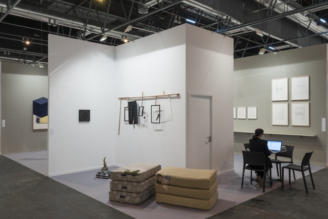 Francisco Tropa, Putting creative people together, 2011, Painted wood, string. Francisco Tropa, Panta Rhei, 2016, silkscreen screen print, silk screen rearangeable cut-out elements, wooden frame, glass. Franz Erhard Walther. Rahmenzeichnung, 3 pieces, 1963, Pencil on paper. Versuch, eine Skulptur zu sein, 1958 / print 2010, Inkjet print on photo paper, black and white. Schraffurzeichnung, 1959, Graphite on paper. Materialbild Gelb, 1960, Cardboard, mousseline, paste, paint. Printemps, Eté, Automne, Hiver, Wortzeichnungen series, 1957/58, Pencil on paper. From Sternenstaub n°16, drawing in my studio, Düsseldorf, Talstrasse 69, 1964, 2011, Pencil on paper. Ph. Roberto Ruiz
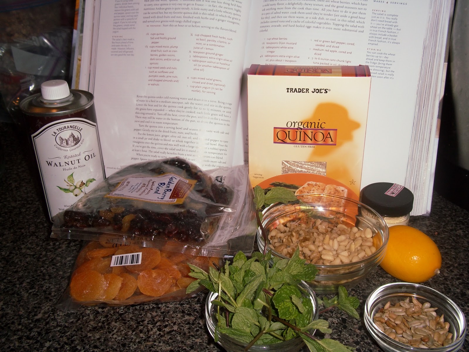 I think my general idea of making this as part of a meal of different salads had merit. I found that I liked it more as the days went by (against Dorie’s advice). Maybe I had too many nuts. Maybe the walnut oil was overpowering. Maybe I didn’t have enough other flavors in the dressing to compensate (I think some garlic, onion, or chile – or a combination – would be good). But I did kind of like that fruity-nutty combination. And it seems a shame to waste all of those perfectly delightful goodies. The mint particularly was nice with this.
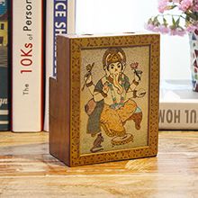 手工彩绘儿童卡通象鼻笔筒学生艺术礼物创意时尚立式木质书桌摆件9.8*6.3cm

########

Extract the full listing above verbatim; pictures are to be left out of the copy.

 Francisco Tropa, Putting creative people together, 2011, Painted wood, string. Francisco Tropa, Panta Rhei, 2016, silkscreen screen print, silk screen rearangeable cut-out elements, wooden frame, glass. Franz Erhard Walther. Rahmenzeichnung, 3 pieces, 1963, Pencil on paper. Versuch, eine Skulptur zu sein, 1958 / print 2010, Inkjet print on photo paper, black and white. Schraffurzeichnung, 1959, Graphite on paper. Materialbild Gelb, 1960, Cardboard, mousseline, paste, paint. Printemps, Eté, Automne, Hiver, Wortzeichnungen series, 1957/58, Pencil on paper. From Sternenstaub n°16, drawing in my studio, Düsseldorf, Talstrasse 69, 1964, 2011, Pencil on paper. Ph. Roberto Ruiz
 I think my general idea of making this as part of a meal of different salads had merit. I found that I liked it more as the days went by (against Dorie’s advice). Maybe I had too many nuts. Maybe the walnut oil was overpowering. Maybe I didn’t have enough other flavors in the dressing to compensate (I think some garlic, onion, or chile – or a combination – would be good). But I did kind of like that fruity-nutty combination. And it seems a shame to waste all of those perfectly delightful goodies. The mint particularly was nice with this.
 手工彩绘儿童卡通象鼻笔筒学生艺术礼物创意时尚立式木质书桌摆件9.8*6.3cm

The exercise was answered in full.